Decision Date01 October 1873
PartiesKLEIN v. RUSSELL
CourtU.S. Supreme Court

ERROR to the Circuit Court for the Northern District of New York; in which court one Russell, a glover, of Gloversville New York, brought suit against Klein, glover in the same place, for an infringement of a patent. The plaintiff got a verdict; the defendant having in the course of the trial taken various exceptions, on which the case was now here.

The case was thus:

In August, 1869, Russell obtained a patent for a new and useful improved process of treating leather so as to render it suitable for the manufacture of gloves. The specification said:

'My invention consists in a novel treatment of what is known as 'bark-tanned lamb or sheep skin,' an article used by bookbinders, and which, while sufficiently soft and supple for the purposes of their trade, is too harsh and stiff for glove-making and a variety of other purposes. This objection is removed by my treatment of the article, and the leather rendered so soft and free, yet full in respect of body, as to adapt it, among other purposes or uses, to the making of what are termed 'dogskin gloves.'

'The process I adopt, and which constitutes my invention, is as follows: I take of 'fat liquor' obtained in scouring deerskin after tanning in oil, say ten gallons, and warm the same by heating to or near the boiling-point. I then add to such heated fat liquor eight ounces of sal soda, twelve ounces of common salt, one pint of soft-soap, and four ounces of Venetian red, and stir and mix these several ingredients with the fat liquor. This forms the treating mixture or compound; and when made in the foregoing quantity will suffice for five or six dozen skins, but of course such quantity may be more or less varied, as may also the proportions of the ingredients; and the Venetian red or other coloring matter is modified or omitted as desired.
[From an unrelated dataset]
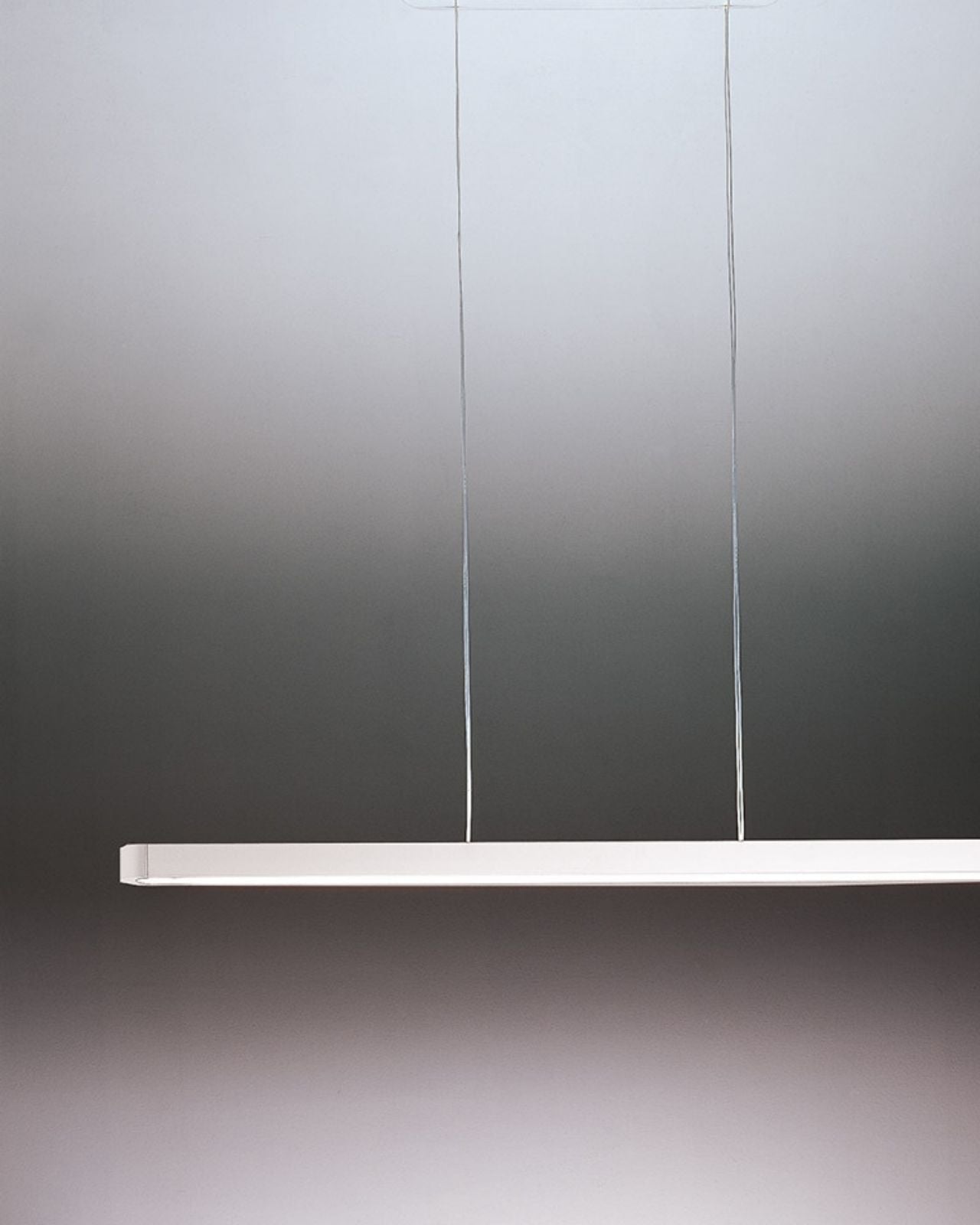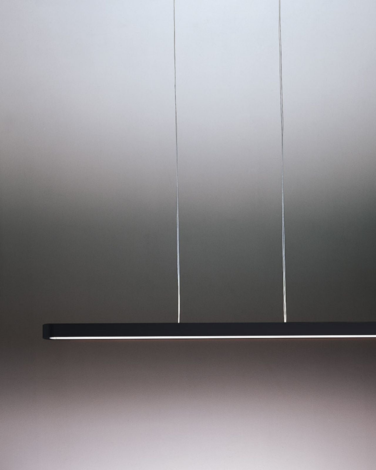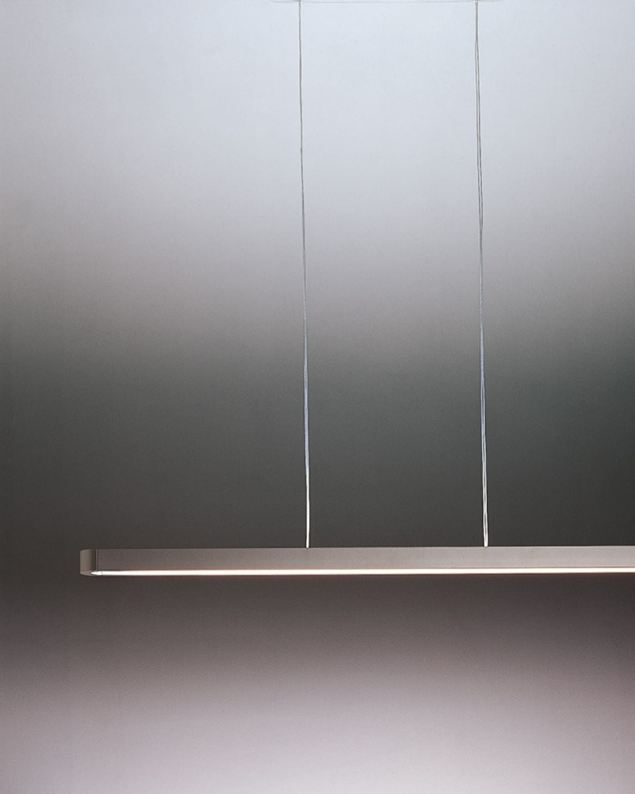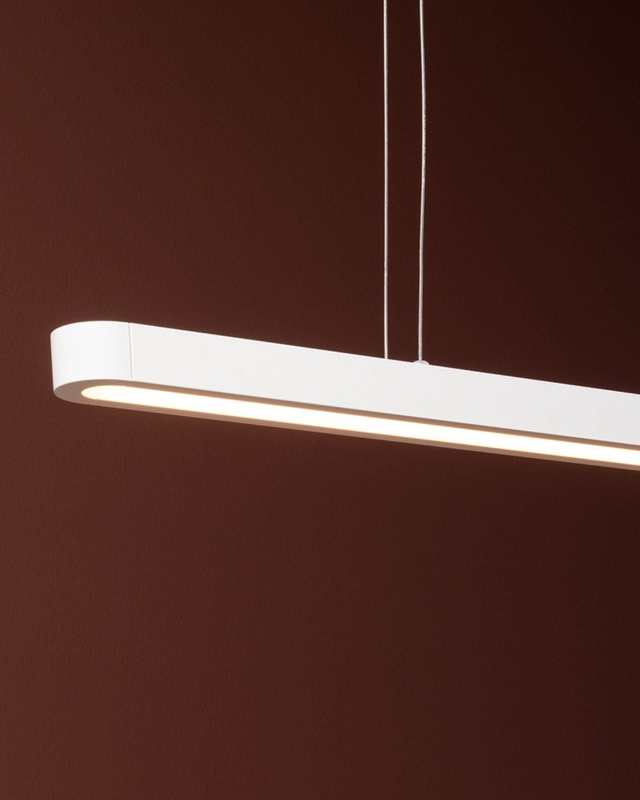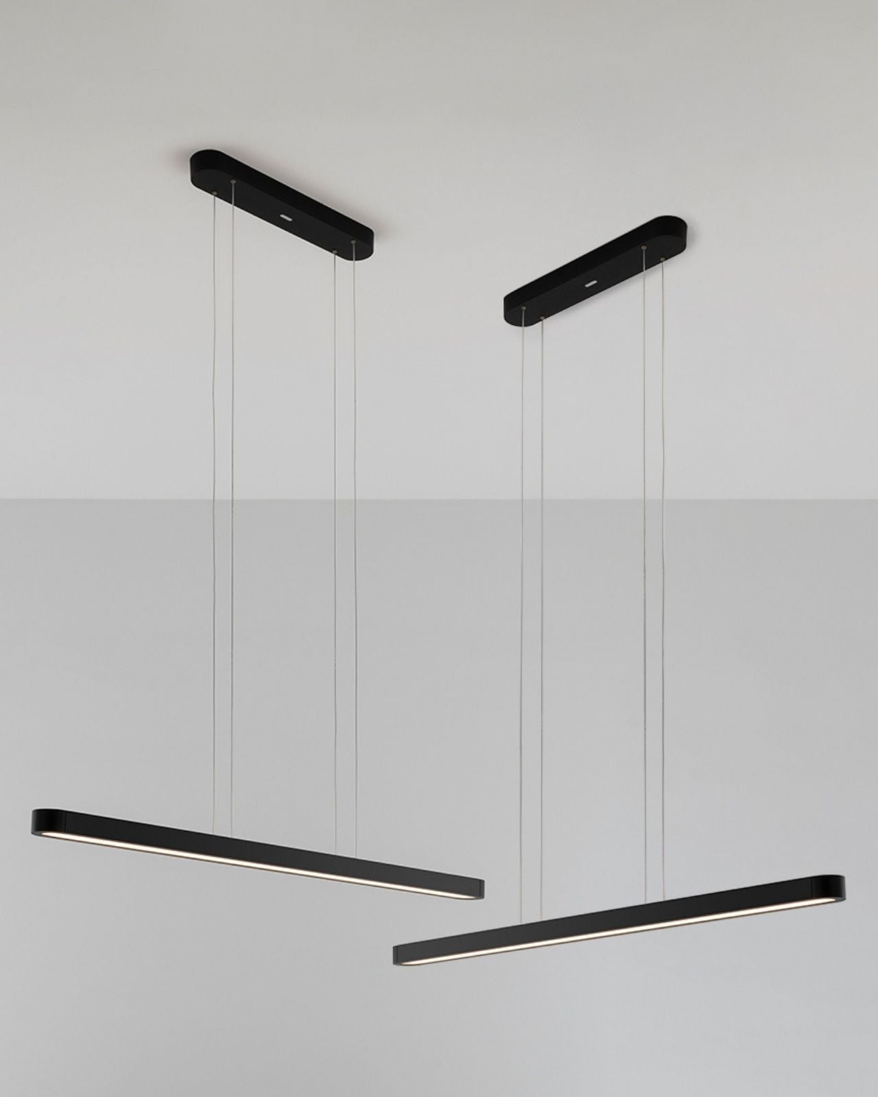 The Rounded Cylindrical Linear Pendant is crafted from painted extruded aluminium with cast-aluminium end caps, floating effortlessly from the ceiling on slender suspension cables. The smooth, matte finishes, available in silver, white, or black, emphasise a delicate balance of materials, lending a sense of lightness and grace. When illuminated, the pendant emits a warm, evenly diffused glow through its opaline polycarbonate diffuser, softening edges and creating an inviting ambience, ideal for above a dining table, kitchen island, or contemporary workspace.

'To effect the treatment hereinbefore referred to, of the barktanned lamb or sheep skins, I lay said skin on a table or other suitable surface, and rub the above-described compound on to both sides of it, using for the purpose a horse or other suitable brush or rubber, by which it can be worked into the skin, that is afterward hung out to dry, and subsequently 'staked,' when the character of the skin will be found entirely changed from harshness to softness, and in other respects, thereby adapting it to the manufacture of gloves of the description previously named and to a variety of other purposes for which said skin was not suitable prior to the treatment of it I have herein described.'

The claim was thus:

'What is here claimed and desired to be secured by letters-patent is the process substantially as herein described, of treating bark-tanned lamb or sheep skin by means of a compound composed and applied essentially as specified.'

On the 1st of February, 1870, Russell got a reissue of this patent under the thirteenth section of the Patent Act,2 which permits a patentee, whenever any patent is 'inoperative or invalid by reason of a defective or insufficient description or specification, or by reason of the patentee claiming in his specification as his own invention more than he had a right to claim as new, if the error has arisen by inadvertency, accident, or mistake,' to apply for a new patent, and in such case authorizes a new patent to be issued for 'the same invention,' in accordance with the patentee's corrected description and specification.

In the reissue, the invention having been described exactly as in the original patent, the specification said:

'The principal feature of the invention consists in the employment of what is known amongst tanners and others as 'fat liquor,' which is ordinarily obtained by scouring deerskins after tanning in oil, but which, when it is not convenient to obtain in this manner, may be produced as a liquor having the same character obtained by the cutting of oil with a suitable alkali.

'In treating leather with the 'fat liquor' it is desirable to heat the latter to or near the boiling-point, and it is preferred to use the same in connection with other ingredients. Thus, for instance, there may be added to each ten gallons of such heated fat liquor eight ounces of sal soda, twelve ounces common salt, one pint of soft soap or an equivalent quantity of hard soap, and four ounces of Venetian red, such ingredients to be well stirred and mixed with the fat liquor.

'This forms a good treating mixture or compound, and, when made in the foregoing quantity, will suffice for five or six dozen skins; but, of course, such quantity may be more or less varied, as may also the proportions of the ingredients, and the Venetian red, or other coloring matter be modified or omitted as desired.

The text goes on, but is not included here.